PVContext: Hybrid Context Model for Point Cloud Compression
This work addresses storage challenges for large-scale point cloud data, offering significant compression gains for applications like LiDAR scanning and 3D object representation, though it is incremental as it builds on existing deep learning and octree-based methods.
The paper tackles the problem of efficient point cloud compression by proposing PVContext, a hybrid context model that integrates voxel and point contexts to capture both local and global information, achieving bitrate reductions of up to 48.98% compared to G-PCC on various datasets.
Efficient storage of large-scale point cloud data has become increasingly challenging due to advancements in scanning technology.

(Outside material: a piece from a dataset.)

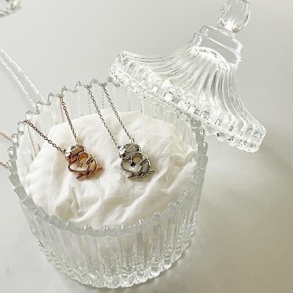 モチーフとなるアンジーのデザインは、このジュエリーのために描きおこされた特別なもの!大きなハートをギュッと抱きしめたような姿、ぷっくりつるりとしたキュートなお顔、優しくカーブを描くボディラインがとっても素敵です。キャラクターの、アニマルモチーフですが大人がさりげなく身につけることができる上品さが魅力ですね。

Recent deep learning techniques have revolutionized this field; However, most existing approaches rely on single-modality contexts, such as octree nodes or voxel occupancy, limiting their ability to capture information across large regions. In this paper, we propose PVContext, a hybrid context model for effective octree-based point cloud compression. PVContext comprises two components with distinct modalities: the Voxel Context, which accurately represents local geometric information using voxels, and the Point Context, which efficiently preserves global shape information from point clouds. By integrating these two contexts, we retain detailed information across large areas while controlling the context size. The combined context is then fed into a deep entropy model to accurately predict occupancy. Experimental results demonstrate that, compared to G-PCC, our method reduces the bitrate by 37.95\% on SemanticKITTI LiDAR point clouds and by 48.98\% and 36.36\% on dense object point clouds from MPEG 8i and MVUB, respectively.